Jan
26
2012

Leadership Reading List: When to Leave

Earlier this week I had a conversation with a friend of mine who works to serve the church in similar ways as I.  As we spoke, we came to the mutual realization that the majority of our conversations are about one of four things:

  • “What you are doing is really cool!”
  • “You really need to connect with my friend ____________.”
  • “You really should think about leaving your current church.”
  • “You may want to consider leaving ministry for a season to heal your wounds.”

Two out of those four conversations can be a real bummer, I will let you figure out which ones they are.

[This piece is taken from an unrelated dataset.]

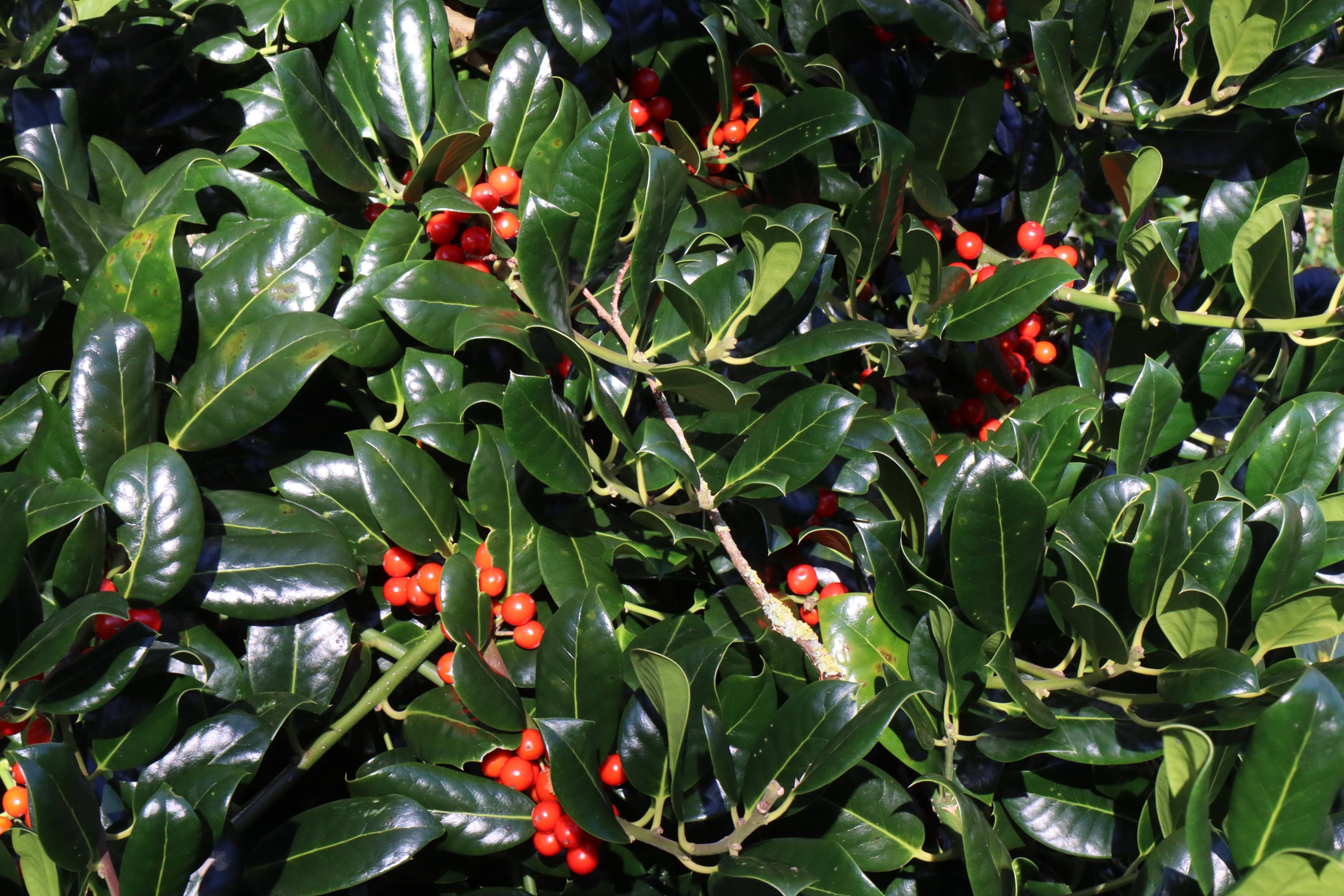 IIlex aquifolium ‘J.C. van Tol’ is a self-fertile female holly cultivar known for its almost spineless, glossy dark green leaves and abundant bright red berries. It has received the Royal Horticultural Society’s (RHS) Award of Garden Merit (AGM), indicating its excellence for garden use. Berry good....

As pastors, we have an incredibly difficult time leaving a church.  Having served three churches, and left all three of them, I assure you that it never gets easy… even when you are leaving at the right time.  Having been through an amazingly positive leave, a hard leave, and a medium leave, there were multiple tears shed at each one, and each of them took a little while to fully process.

While the physical act of leaving is difficult, and often times painful, I don’t believe that this is the reason that we have such a difficult time with leaving… I think it is because we just don’t know how to discuss leaving.  Enter Wade Hodges.

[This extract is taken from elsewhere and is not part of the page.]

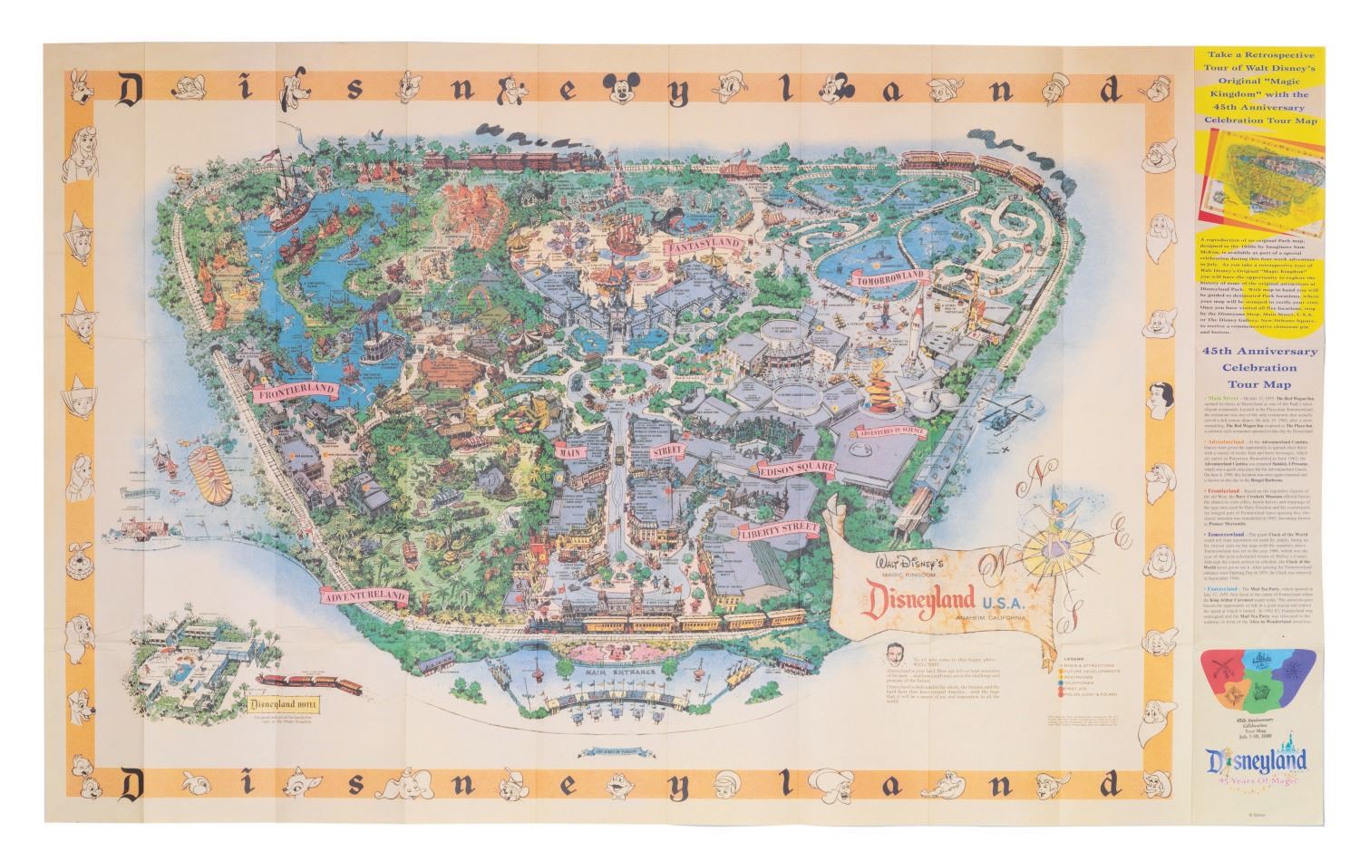 (Disneyland, 2000) A collection of 45th Anniversary memorabilia from Disneyland themed around Sam McKim's original 1958-A Disneyland map. Included are a folded reproduction of the map, an "I Walked in Walt Disney's Original Magic Kingdom" button, a pin of the map, and a pin reproducing the Disneyland U.S.A. logo and scroll seen on the map. Measuring between 1.75"x1" to 2.5"x3.5", the pins and buttons are in fine unused condition. The map measures 26"35.25" when open, and is in fine unused condition, with folds and creases as originally released.

Wade Hodges new book, When To Leave: How To Know It’s Time To Move On (Before You Stay Way Too Long), is probably one of the most quietly significant books that I have read in quite some time.  This book is going to go into my rotation of books that I need to give to people.  This short book (I read it in one sitting) is an excellent framework from which to start wrestling through whether it is time for you to move on or not.  Reading the book with an open mind will give you a series of questions that every pastor should be asking himself (and those he trusts) on a regular basis… and probably should read before starting at a new church.

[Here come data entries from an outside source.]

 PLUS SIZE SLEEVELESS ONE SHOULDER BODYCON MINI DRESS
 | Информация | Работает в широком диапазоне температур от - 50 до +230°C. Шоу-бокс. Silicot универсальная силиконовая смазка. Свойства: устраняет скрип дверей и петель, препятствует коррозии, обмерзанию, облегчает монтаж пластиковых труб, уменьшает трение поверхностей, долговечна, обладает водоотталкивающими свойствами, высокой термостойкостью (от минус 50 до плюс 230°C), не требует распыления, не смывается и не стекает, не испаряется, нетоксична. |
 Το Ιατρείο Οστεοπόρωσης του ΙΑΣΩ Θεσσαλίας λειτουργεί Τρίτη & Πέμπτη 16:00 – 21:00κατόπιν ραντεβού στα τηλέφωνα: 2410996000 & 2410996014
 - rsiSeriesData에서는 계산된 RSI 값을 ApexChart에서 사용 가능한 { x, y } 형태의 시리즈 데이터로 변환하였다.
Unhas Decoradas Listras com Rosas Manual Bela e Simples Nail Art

  • Leaving early is bad, staying too long is better, but staying way too long is the worst.  While knowing when the perfect moment to leave is nearly impossible, the next best thing is staying too long.  A college professor of mine told us “you will know when it is time to leave two years before anyone else, and about five years before everyone knows.”  While I don’t think it is that simple, when the time comes that an entire church knows you need to leave, a significant amount of damage has been done… don’t be that guy.
  • The church will survive without you.  Every now and then I have a conversation with a pastor who tells me “I just can’t leave right now… the church won’t survive without me.”  There are two possibilities that those who believe this need to consider, according to Hodges, and neither of them are going to make you smile.  If you believe the church is dependent on you for survival, you are either right, and have led in a way where you have replaced Jesus in importance to the church, or you are wrong and have a significant pride issue.  Either way… don’t be that guy.
  • For everything there is a season.  Sometimes we, as pastors, forget that Ecclesiastes 3 applies to us as well.  Every church goes through seasons, and has times where it needs a specific type of leadership.  Not everyone is equipped the same way, and not everyone is able to lead a church through a specific season.  We need to be honest enough with ourselves to know whether we are able to lead our church through the season it needs to go through, or if we are holding it back from going where Jesus is calling it to.  In these situations, staying too long may prevent a congregation from becoming what Jesus is calling them to be… don’t be that guy.

 When do YOU know it is time to leave YOUR church?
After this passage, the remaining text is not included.